In order to prevent cells permanently shifting their metabolism towards one that favours light production, we decided to repress the bioluminescence genes (our optimised lux operon) in the presence of sunlight. The chosen system recognises unidirectional UV-A light and comes from the cyanobacterium Synechocystis sp. PCC6803. The system has not yet been characterized by an iGEM team for the Parts Registry. Three components are required to produce a response to UV-A: uirS (UV intensity response Sensor), uirR (UV intensity response Regulator), and PlsiR (Promoter of the light and stress integrating response Regulator) (Song et al., 2011). Expression of a chromophore molecule, phycocyanobillin (PCB), is also required for functional light sensing. Phycocyanobillin is synthesised in a two step pathway from Heme within cyanobacterium. Several biobricks encoding the two phycocyanobillin synthesis pathway enzymes already existed within the Registry of Parts due to utilisation of PCB in other previously characterised Synechocystis sp. PCC6803 light sensors such as the ccaS green-light sensor system.

We obtained uirS and uirR from Synechocystis genomic DNA via PCR. The forward primer used was flanked with the BioBrick prefix as well as the medium strength ribosome-binding site B0032, with the biobrick suffix flanking the reverse.
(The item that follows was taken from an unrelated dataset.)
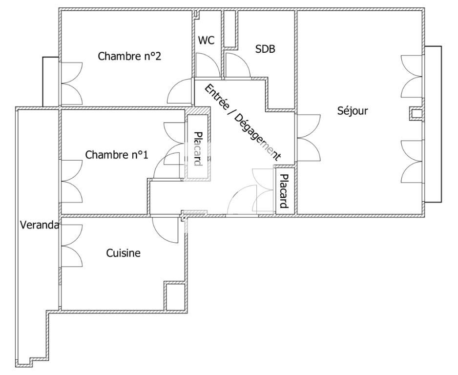 un hall d'entrée, un séjour et une salle à manger, une cuisine séparée donnant sur une loggia, deux chambres au calme, une salle de bains et un WC séparé.

We also utilised the reverse primer for uirS to modify the stop codon from TAG (suboptimal in E. coli) to TAA.

A G-Block was ordered from IDT of the 535bp genomic region identified in Song et al. between the stop codon of uirR and start of lsiR, which was demonstrated to contain the uirR transcriptional activator binding region for the promoter of lsiR. The G-block was synthesised with the biobrick prefix and suffix attached, and a SpeI site within mutated away by one base (t58a).

The uirR gene and PlsiR promoter region were both biobrick compatible and were therefore ligated directly into the pSB1C3 plasmid; whereas uirS possessed three BioBrick incompatible restriction sites, preventing ligation into pSB1C3 and submission to the registry.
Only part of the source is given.